We found seven randomised trials [17
], six performed in India by the same researcher [18
], and one [17
] performed in the United Arab Emirates (supplementary material
). Two of the studies involved superficial burns [19
], three partial thickness burns [20
], one moderate to severe burns that included full thickness injury [18
], and one infected postoperative wounds [17
]. All the controls were active comparisons, though these included potato peelings [20
] and amniotic membrane [21
] as well as conventional treatments. The main outcomes were the effects of honey and controls on healing time and infection rate, though antibiotic use and hospital stay were also noted in some studies.
None of the studies was blinded and only one designated a primary outcome [23
]. The quality score for each trial was 1 out of a possible range of 1-5, and validity scores ranged between 5 and 10 out of range of 0 to 16. Of the seven studies, six were deemed positive by the original authors and by authors of this review. One [18
] was negative, where tangential excision was statistically better than honey. Because the quality score was 1 in all trials, sensitivity analysis was not possible. Five studies had a mean OPVS score of 8 or less, and four were positive. Both studies with validity scores above 8 were positive.
The single study in infected postoperative wounds compared honey with antiseptics in addition to systemic antibiotics after culture and sensitivity [17
]. For all outcomes honey was significantly better, with much shorter times for healing, eradication of infection, use of antibiotics and hospital stay (supplementary material). The proportion of wounds healed without dehiscence or resuturing was 22/26 (85%) for honey compared with 12/24 (50%) with antiseptic. The number needed to treat with honey for good wound healing compared with antiseptic was 2.9 (1.7 to 9.7).
The single study of moderate or severe burns [18
] compared honey with tangential excision. For all outcomes tangential excision followed by grafting by six days post burn was significantly better than initial honey treatment followed by grafting where necessary. Half of all the patients had full thickness burns, and half of those treated with honey eventually needed skin grafts.

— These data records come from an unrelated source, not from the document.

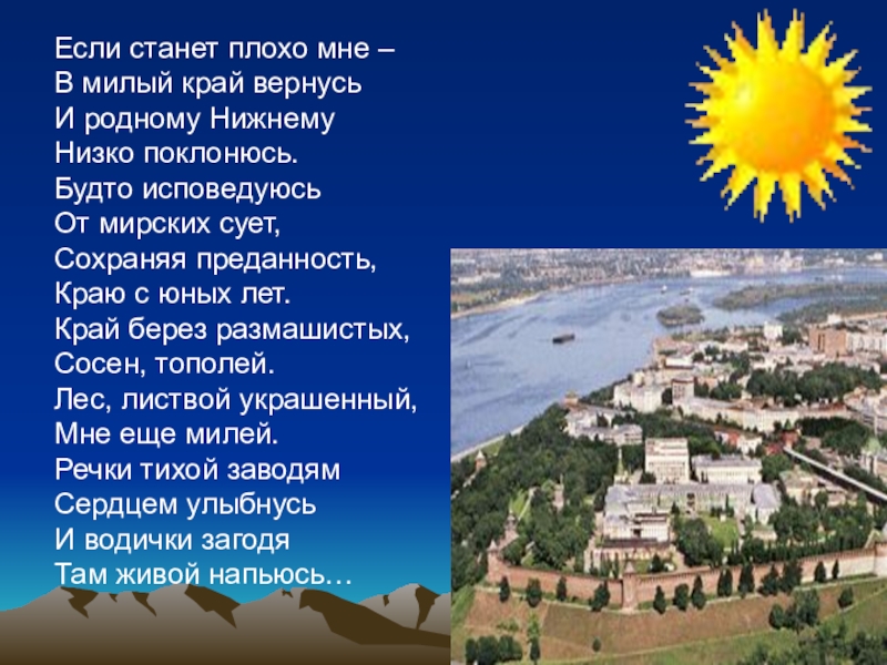 Слайд 16Если станет плохо мне – В милый край вернусь И родному Нижнему Низко поклонюсь. Будто
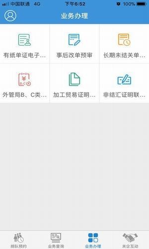 “排队预约”:通过提前网上预约,按时现场办理,有效缩短现场等候时间,远离排队烦恼,实现业务办理“零等候”。“业务办理”:“外管局B、C类收汇核销联”、“加工贸易证明联”、“非结汇证明联”等办事模块,提前网上申请,凭海关作业完成后推送的二维码直接领取,实现业务办理“跑一次”;“有纸单证电子化申请”、“事后改单预审”、“长期未结关单证原因反馈” 等办事模块,提前上传资料,根据海关预审结果,及时补充、修改相关材料,完成预审后现场快速办理,实现业务办理“一次跑”。
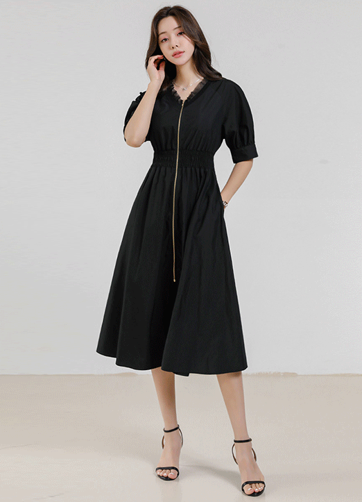 미니레이스단 배색과 골드톤 지퍼 포인트로 심플하게 포인트를 주어
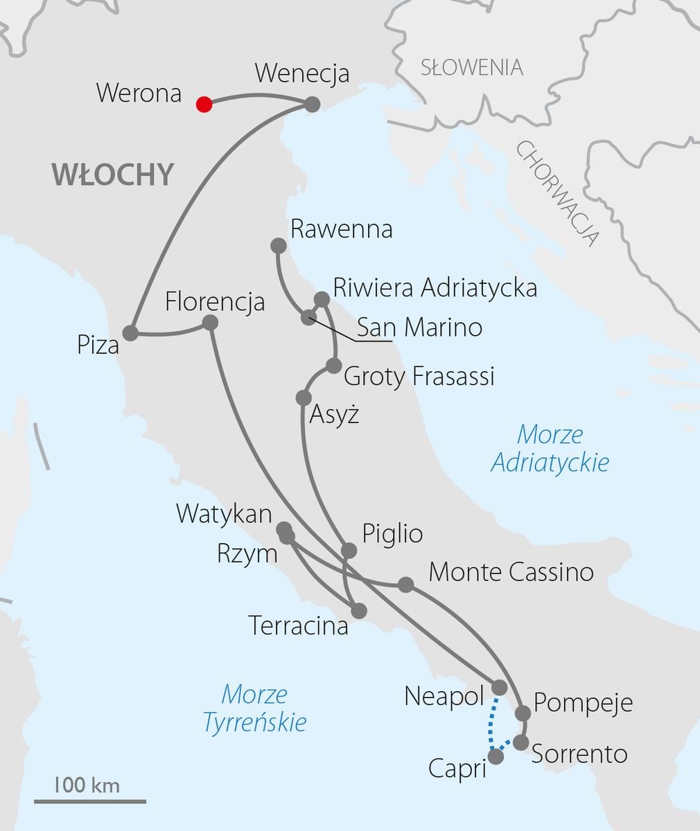 „Bella Italia”, czyli flagowy program ITAKI istniejący już od 35 lat, teraz w odświeżonej, jeszcze atrakcyjniejszej odsłonie! To podróż z północy na południe kraju, łącząca codzienne odkrywanie najpiękniejszych skarbów Italii. Od Werony – miasta szekspirowskiej Julii, przez romantyczną Wenecję, aż do skarbów światowej sztuki we Florencji i Neapolu, gdzie życie tętni w zawrotnym rytmie. W programie słynna Krzywa Wieża w Pizie, Asyż ze swoim proekologicznym świętym, Piglio słynące z produkcji wina o tej samej nazwie oraz Monte Cassino z chwilą zadumy na Polskim Cmentarzu Wojennym. Klasyczny program zwiedzania Rzymu i Watykanu, wizyta w starożytnych Pompejach i kunsztowne mozaiki w Rawennie to kolejne atuty wycieczki. W planie także znane kurorty: Sorrento i Rimini oraz nieco natury: wyspa Capri i Groty Frasassi. Nie zapomniano również o odpoczynku nad Morzem Tyrreńskim i degustacji włoskich specjałów. Dla chętnych możliwość udziału w rzymskiej kolacji i wspólnej zabawie w lokalnej restauracji, przy muzyce na żywo. To Włochy w pełnej krasie – piękne, różnorodne i niepowtarzalne.

The other five studies [19
] were conducted in patients with partial thickness or superficial burns involving less than 40% of the body surface. Comparators were polyurethane film [22
], amniotic membrane [21
], potato peel [20
] and silver sulphadiazine [19
]. For some or all outcomes honey was superior to all these treatments. Time for healing was significantly shorter for honey than all these treatments.
Four studies had dichotomous information about the number of patients healed or with wounds initially infected but which became sterile on treatment [19
]. Information from these studies has been combined for all four comparisons and for those comparisons (potato, amniotic membrane) where there was no biological plausibility for efficacy (Table ). The study without dichotomous information [22
] reported a statistically significant reduced mean healing time of 10.8 days with honey compared with 15.3 days with polyurethane film.
Major outcomes for wound healing and infection for superficial and partial thickness burns
Treatment with honey produced significantly more healing at seven days. At seven days 58% (97/167) of patients were healed with honey, and 19% (29/151) with other treatments (Figure ). The number needed to treat for seven days with honey to produce one patient with a healed burn was 2.6 (2.1 to 3.4) compared with any other treatment and 2.7 (2.0 to 4.1) for potato and amniotic membrane. By 21 days 99% (165/167) of patients were healed with honey, and 75% (113/151) with other treatments. The number needed to treat for 21 days with honey to produce one patient with a healed burn was 4.2 (3.3 to 6.0) compared with any other treatment.
Percent of patients healed with honey and other treatments after seven days. The size of the symbol is proportional to the size of the study.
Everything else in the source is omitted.